# EXERCISE DESCRIPTION
Every line of the data below is to be duplicated exactly, pictures excepted.

# DATASET SECTION
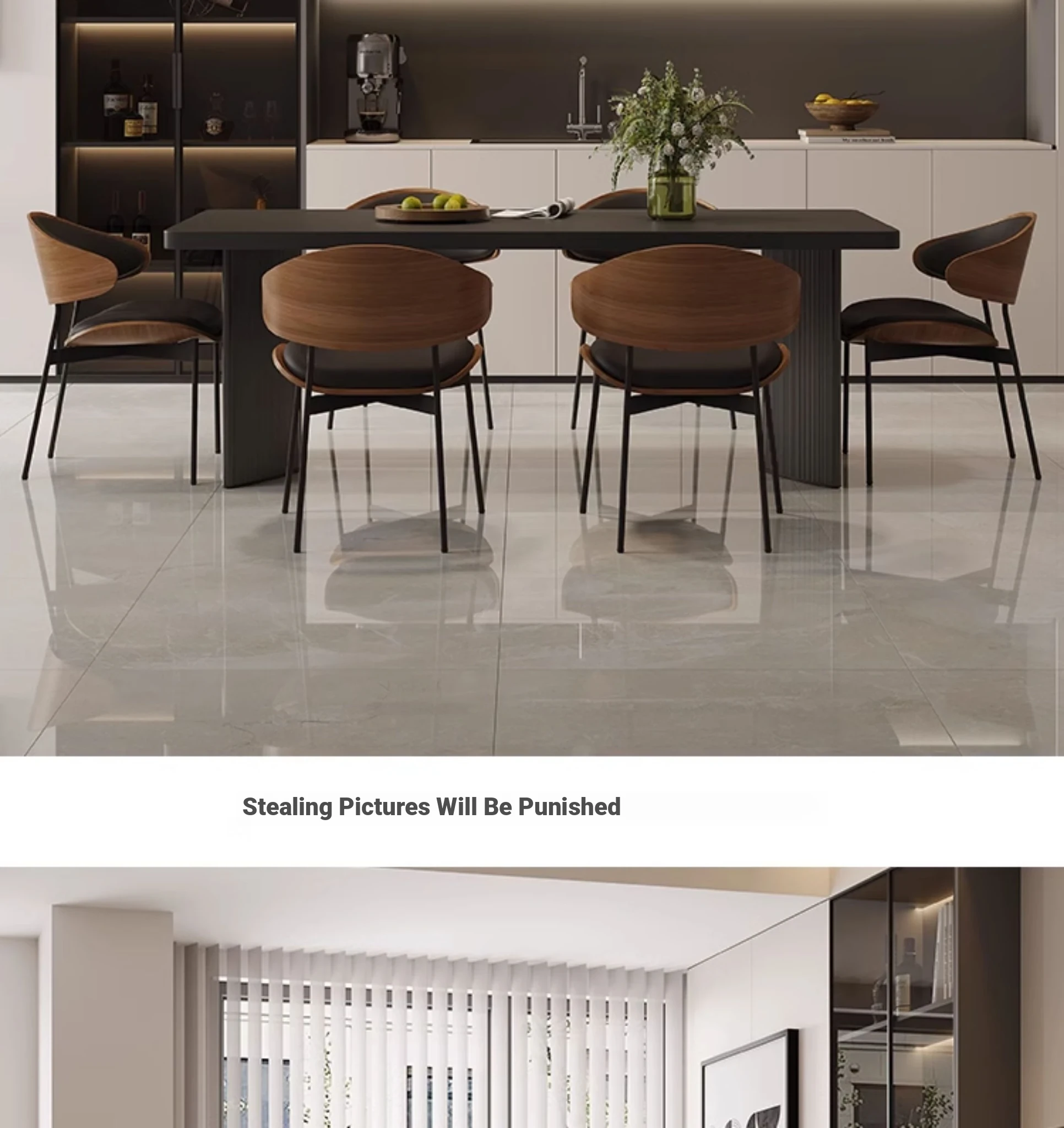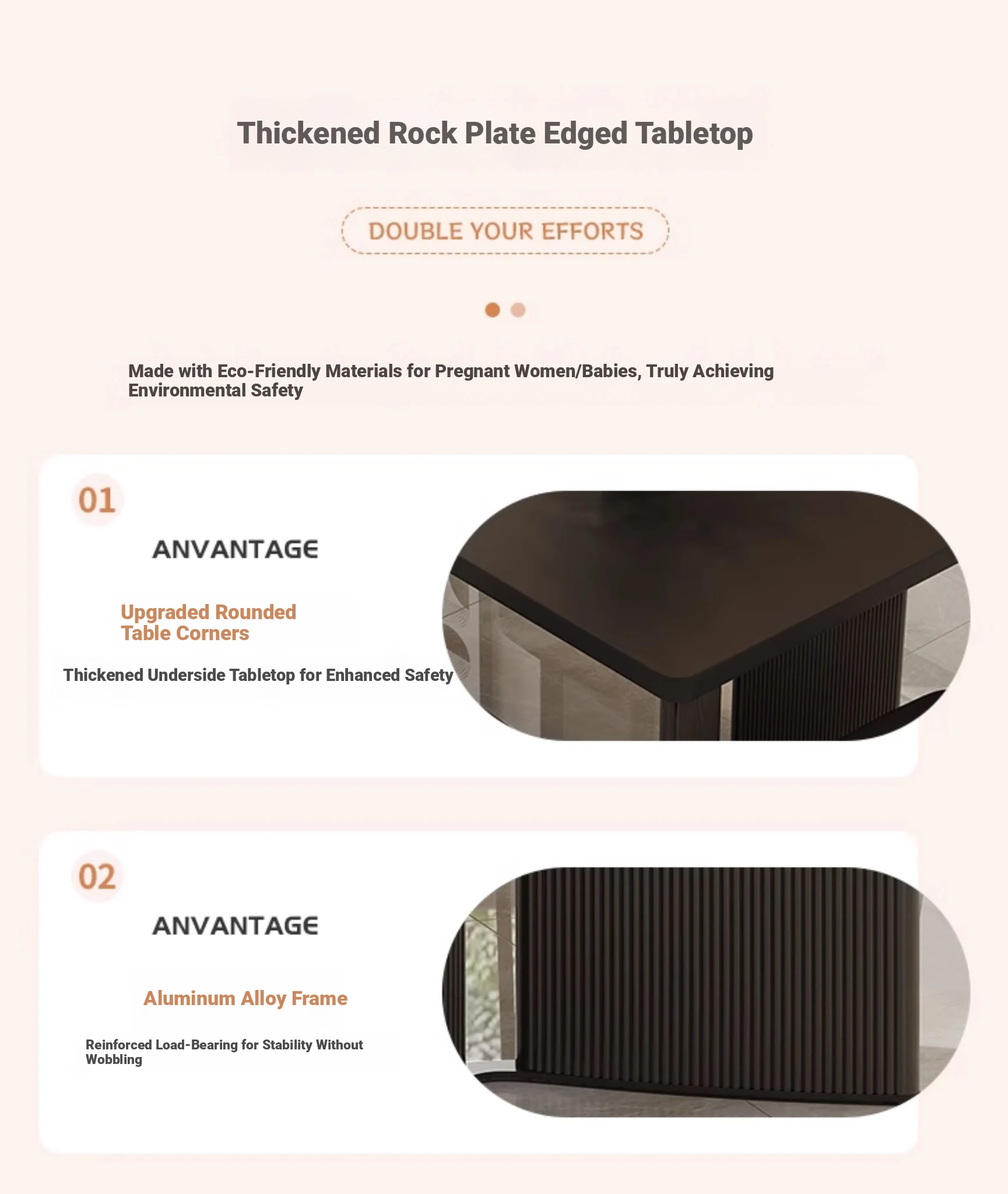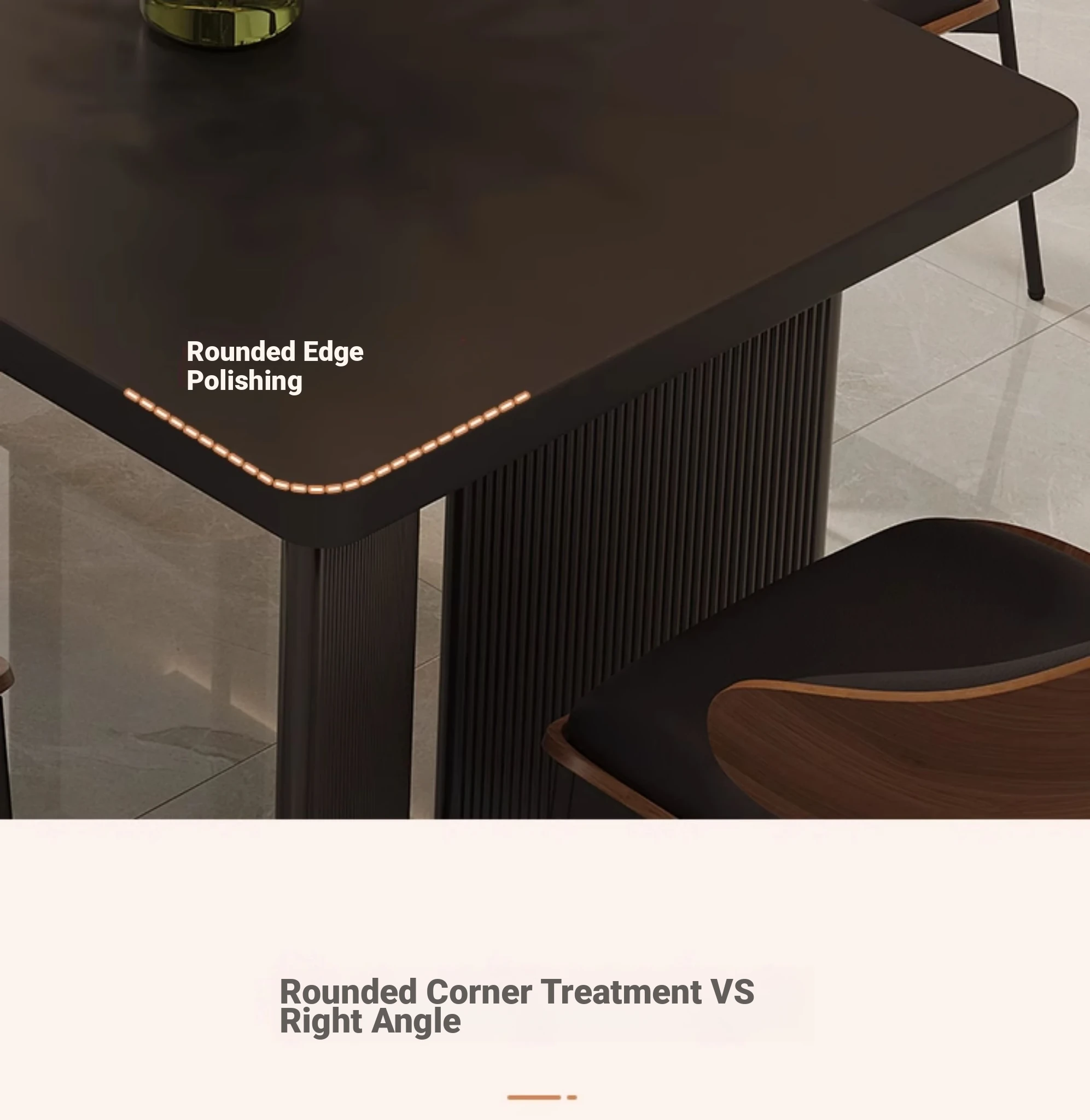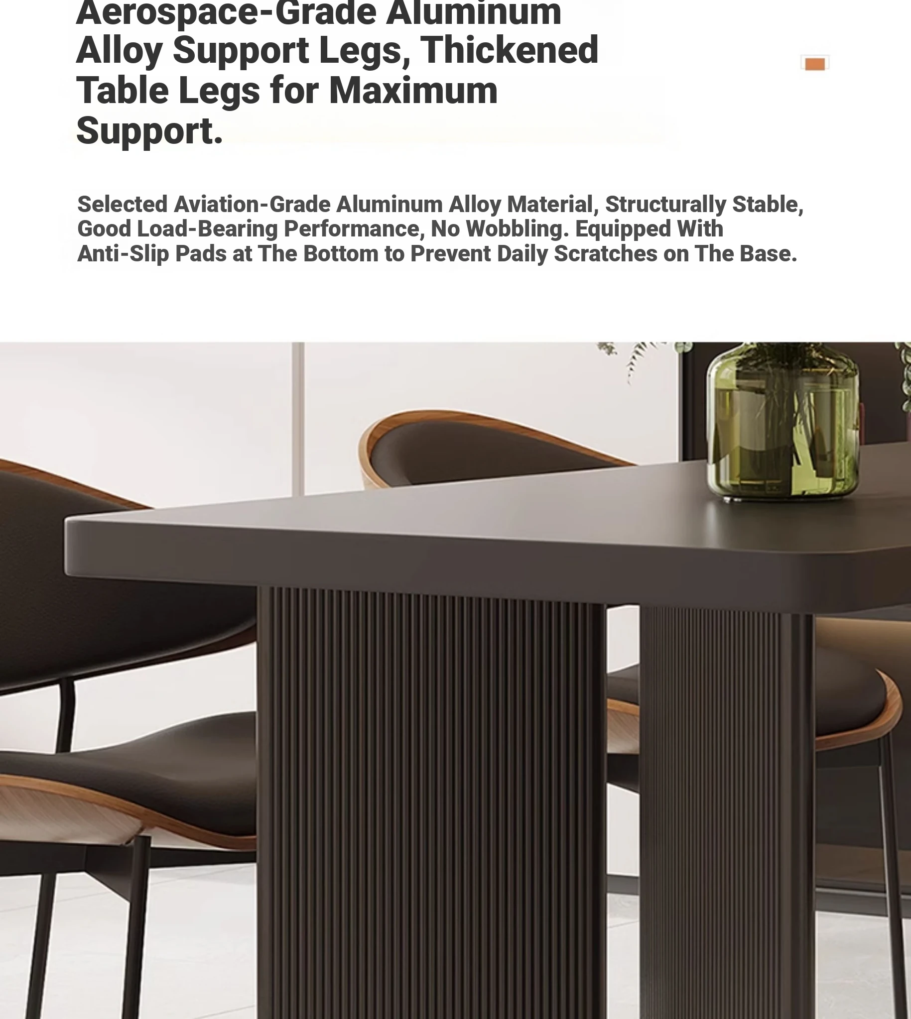 Luxury Black Aluminum Alloy Lawrence Dining Table with Elegant Under-Hang Design - Modern Minimalist Black Stone Table for Chic Dining Experiences
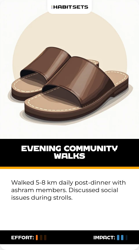 Walked 5-8 km daily post-dinner with ashram members. Discussed social issues during strolls.
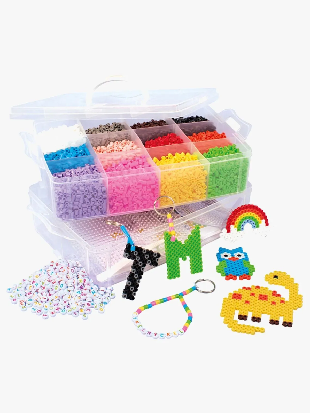 – Indeholder: 12000 perler, 3 perleplader, 5 nøgleringe, 1 pincet, 1 5 meter lang elastisk snor.

# EXERCISE OUTPUT
 Luxury Black Aluminum Alloy Lawrence Dining Table with Elegant Under-Hang Design - Modern Minimalist Black Stone Table for Chic Dining Experiences
 Walked 5-8 km daily post-dinner with ashram members. Discussed social issues during strolls.
 – Indeholder: 12000 perler, 3 perleplader, 5 nøgleringe, 1 pincet, 1 5 meter lang elastisk snor.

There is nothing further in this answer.